# Exhibition Road



## dellzeqq (5 Jan 2012)

there's a poll. I'm not interested in speculation. The poll is for those who've been there


----------



## slowmotion (5 Jan 2012)

Is there a cycle scheme or is this a poll about dodgy 1960/1970 architecture?


----------



## dellzeqq (6 Jan 2012)

it's a traffic scheme - and worth a visit


----------



## Flying Dodo (8 Jan 2012)

I went along it a few weeks before Christmas on a bike, and have been along there a few times on foot during last year whilst they were working on it.

I think it looks quite striking. Anything that slows cars and (hopefully) makes the drivers realise they're not top of the heap is a good thing.


----------



## thom (9 Jan 2012)

A worthwhile constructive experiment at the very least - something will be learnt ;-)


----------



## dellzeqq (9 Jan 2012)

thom said:


> A worthwhile constructive experiment at the very least - something will be learnt ;-)

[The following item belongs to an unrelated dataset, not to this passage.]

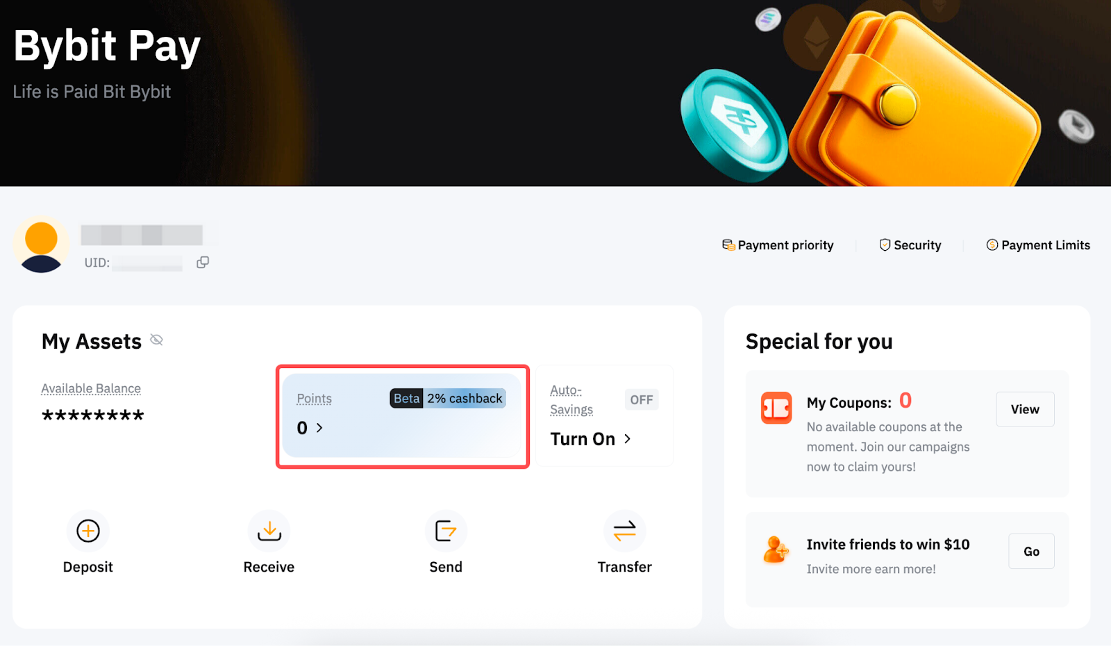 Бонусные баллы можно зарабатывать при оплате с помощью Bybit Pay и карты Bybit. Обратите внимание, что на Bybit Pay можно зарабатывать только теми платежами, которые совершаются продавцу или на сайте партнёров Bybit.

the word experiment is a good one. There are people on the wilder fringes of cycle campaigning (trans. blogging) who despise Exhibition Road. But, then again, one thing is certain. You can't be certain unless you give it a go....


----------



## thom (9 Jan 2012)

dellzeqq said:


> the word experiment is a good one. There are people on the wilder fringes of cycle campaigning (trans. blogging) who despise Exhibition Road. But, then again, one thing is certain. You can't be certain unless you give it a go....

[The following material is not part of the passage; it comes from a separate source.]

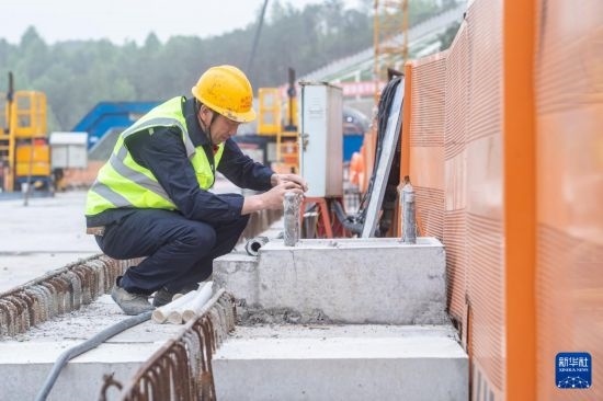 4月12日,工人在成渝中線高鐵玄天湖雙線大橋建設(shè)現(xiàn)場(chǎng)施工作業(yè)。

I think London just has to work out it's own solutions - it never will be like Copenhagen. It is nice to see an appetite to try something vaguely radical. Hopefully any criticism will only lead to an even better solution but designing busy junctions are more meaningful for a cyclist.


----------



## GrumpyGregry (9 Jan 2012)

dellzeqq said:


> the word experiment is a good one. There are people on the wilder fringes of cycle campaigning (trans. blogging) who despise Exhibition Road. But, then again, one thing is certain. You can't be certain unless you give it a go....


One of the most entertaining campaigners bloggers I find to be easy as riding a bike.  No idea where he gets the time but he a local lad so I like to support him.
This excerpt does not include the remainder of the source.